The role of stereopsis and early postoperative alignment in long-term surgical results of intermittent exotropia.

作者信息

Beneish R, Flanders M

机构信息

Department of Ophthalmology, Montreal Children's Hospital, Que.

出版信息

Can J Ophthalmol. 1994 Jun;29(3):119-24.

PMID:7922850
Abstract

Despite the presence of good stereopsis, surgically corrected intermittent exotropes may show a gradual outward shift with time. The purpose of this study was to identify early factors that influence the success of corrective surgery. Sixty-seven consecutive patients treated surgically for intermittent exotropia (age range 1.9 to 76 years) constituted our final sample. Sensory status was evaluated with the Titmus stereotest. A successful surgical result was defined as phoria or intermittent tropia of +/- 10 prism dioptres or less for near and distance with maintained or improved stereopsis, 6 months or more after surgery. The average postoperative follow-up period was 3.3 (range 0.5 to 11) years. Good stereopsis (60 seconds of arc or better) was present in only 42% of the patients preoperatively and 61% postoperatively. The overall surgical success rate was 60%. Early overcorrection, defined as an esodeviation present within the first 4 weeks after surgery, caused a significant improvement in the success rate, to 79% (p = 0.03). Poor preoperative stereopsis combined with early overcorrection resulted in a further significant improvement in the surgical success rate, to 92% (p = 0.07).

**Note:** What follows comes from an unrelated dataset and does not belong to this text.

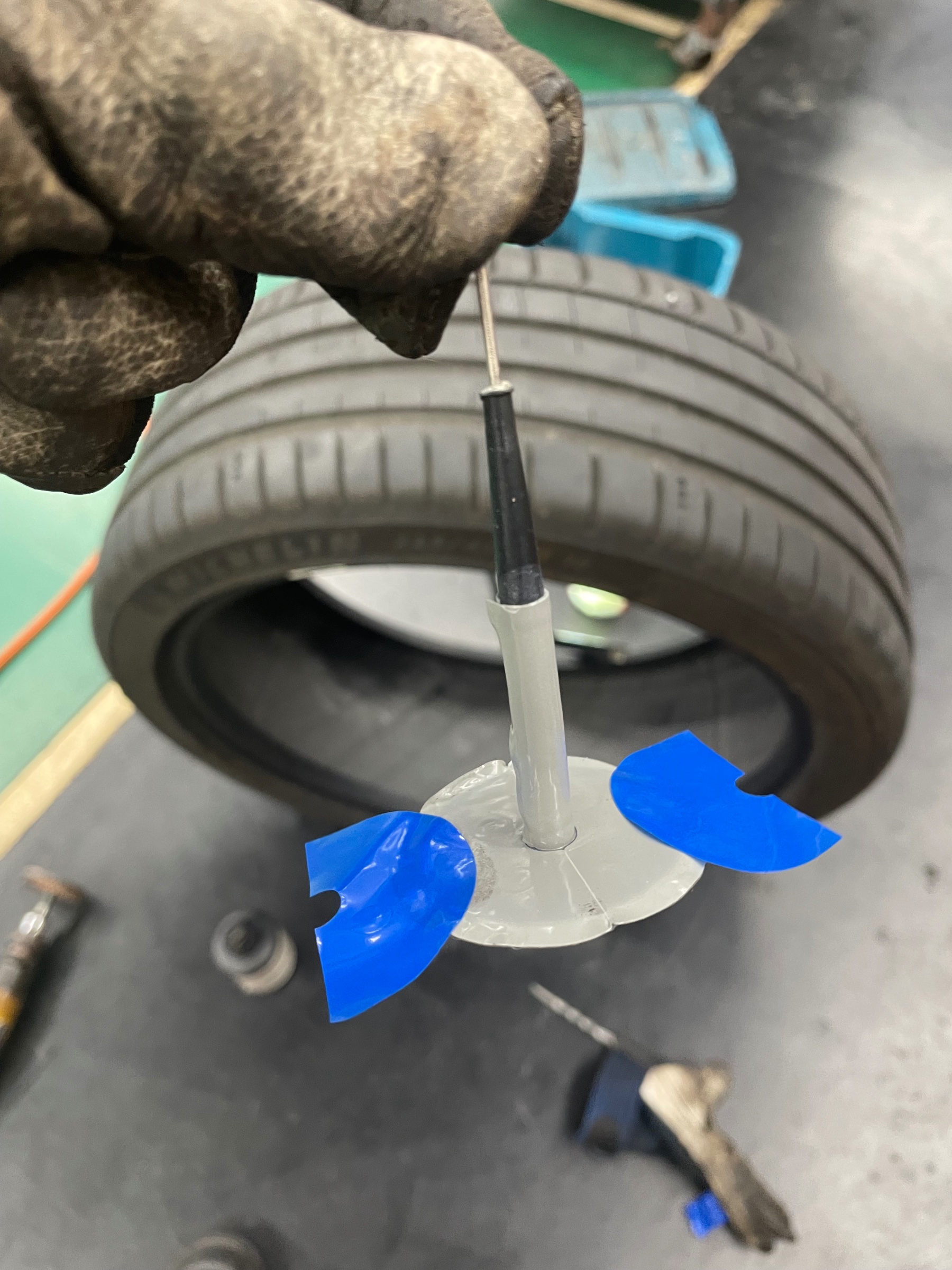 穴の大きさや、刺さっている角度などを考慮して、修理材を変えます。

This suggests that poor preoperative stereopsis does not necessarily preclude, and may enhance, long-term alignment stability postoperatively. We suggest that it is peripheral rather than central fusion that keeps the eyes well aligned after surgery and prevents recurrence of the exodeviation.

摘要

尽管存在良好的立体视,但手术矫正的间歇性外斜视可能会随着时间逐渐向外偏移。本研究的目的是确定影响矫正手术成功的早期因素。我们的最终样本包括67例连续接受手术治疗的间歇性外斜视患者(年龄范围1.9至76岁)。使用Titmus立体视测试评估感觉状态。手术成功的结果定义为术后6个月或更长时间,近距和远距时斜视度为±10棱镜度或更小的隐斜视或间歇性斜视,且立体视保持或改善。术后平均随访期为3.3年(范围0.5至11年)。术前仅42%的患者存在良好的立体视(60秒弧度或更好),术后为61%。总体手术成功率为60%。早期过矫定义为术后前4周内出现的内斜视,使成功率显著提高至79%(p = 0.03)。术前立体视差合并早期过矫使手术成功率进一步显著提高至92%(p = 0.07)。这表明术前立体视差不一定会妨碍术后长期眼位稳定,反而可能会增强这种稳定性。我们认为,术后保持双眼良好眼位并防止外斜视复发的是周边融合而非中央融合。